The previous bridge was constructed between 1898 and 1902 by the New York, New Haven and Hartford Railroad (replacing an earlier bridge) as one of two through girder Scherzer rolling bascule bridges on the New Haven Line. The bridge consisted of twin parallel rolling lift spans.

It was one of eight legacy moveable bridges on the Amtrak route through Connecticut surveyed in one multiple property study in 1986. The eight bridges, from west to east, were: Mianus River Railroad Bridge at Cos Cob, built in 1904 (the surviving twin of the Pequonnock Bridge); Norwalk River Railroad Bridge at Norwalk, 1896; Saugatuck River Railroad Bridge at Westport, 1905; the Pequonnock Bridge; Housatonic River Railroad Bridge, at Devon, 1905; Amtrak Old Saybrook–Old Lyme Bridge, 1907; Niantic River Bridge, East Lyme-Waterford, 1907; and Thames River Bridge, Groton, built in 1919.

The original bridge had 80 ft of horizontal clearance, and 15 ft of vertical clearance (when closed). From its original construction in 1902, it had only two tracks, but it carried a second parallel span to facilitate an expansion to up to four tracks, which was carried out in the late 1960s.

The old bridge was added to the National Register of Historic Places in 1987, an honor not enjoyed for long, as it was obvious even before the survey that total replacement, rather than repair, was needed for the span.

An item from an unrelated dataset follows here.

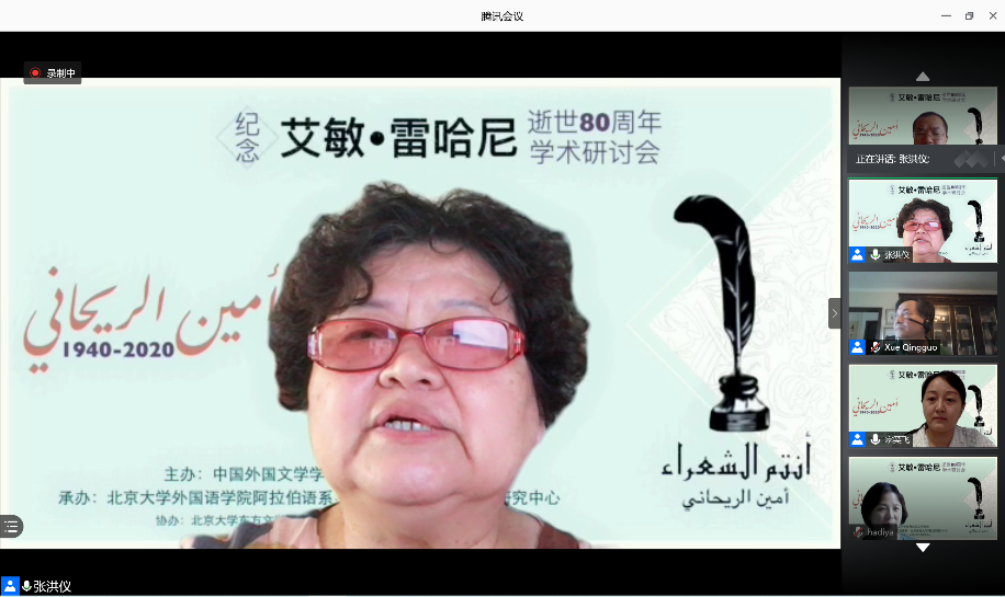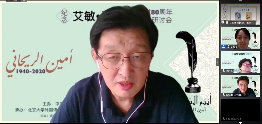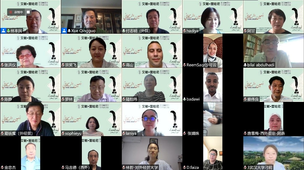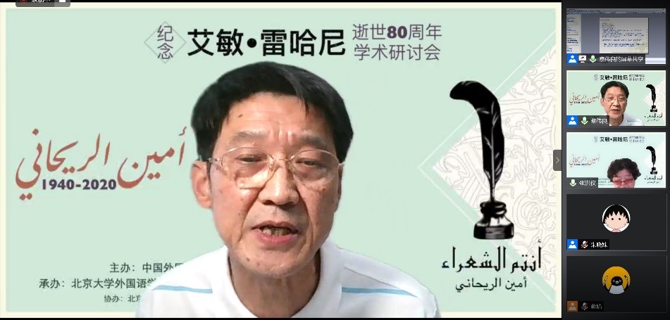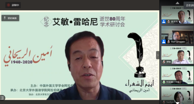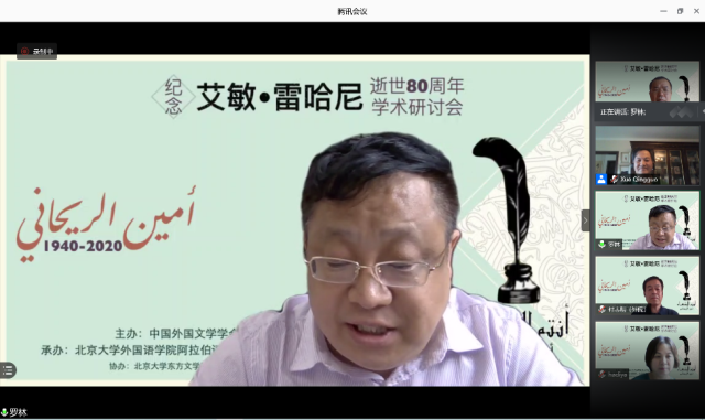 2020年8月29日,由中国阿拉伯文学研究会主办,乐鱼·体育阿拉伯语系和北京语言大学阿拉伯研究中心共同承办,教育部人文社会科学重点研究基地北京大学东方文学研究中心和北京大学中东研究中心协办的“艾敏•雷哈尼逝世八十周年纪念研讨会”拉开帷幕,来自北京大学、南开大学、中山大学、北京外国语大学、北京语言大学、对外经济贸易大学、上海外国语大学、天津师范大学、中国社会科学院外国文学研究所、黎巴嫩大学、苏丹喀土穆大学等国内外高校和科研单位的80名学者和研究生参加了这一场云端的思想盛宴。开幕式主持人薛庆国教授提到,艾敏•雷哈尼作品在国内研究较少的现状,可以通过雷哈尼的作品更好地理解黎巴嫩如今的局势。今年恰逢阿拉伯之春爆发10周年,雷哈尼的作品不仅具有预见性,我们也能从中抽丝剥茧地探寻解决当今阿拉伯世界众多问题的答案。

===Deterioration and Replacement===
During the late 1970s and early 1980s, the 1902 bridge began to rapidly deteriorate due to corrosion, metal fatigue, and heavy river currents.

In 1986, a routine inspection revealed that the pit pier underneath the drawspan had loosened so much, the drawspan was able to move from side-to-side freely. A 10 mph speed restriction on trains was enforced while extensive repairs were undertaken to ensure the old bridge could remain in service until a replacement bridge was constructed.

Finally, in 1992, the U.S. government issued an $80 million grant to help replace the 90-year-old bridge.

Construction on a replacement bridge, which began in 1993, was undertaken in 3 phases in order to minimize the effect on both rail and marine traffic through the area:
- Phase 1 included the realignment of the approaches to the bridge, and the construction of the south span of the new bridge, which would include two tracks. The new south span opened to rail traffic in early 1995.
- Phase 2 included the removal of the old south span, and construction (In its place) of the new north span, which would also carry two tracks. The new north span opened to rail traffic in late 1996.
- Phase 3 included the removal of the remainder of the old structure, additional structural work on the new bridge's two spans, and minor cosmetic improvements in the area surrounding the bridge. This phase was complete in early 1998, and soon after Amtrak and Metro-North jointly announced the completion of the bridge replacement project.

The new bridge has 105 ft of horizontal clearance, which allows passage of marine traffic in two directions at the time, as well as 20 ft of vertical clearance (When closed).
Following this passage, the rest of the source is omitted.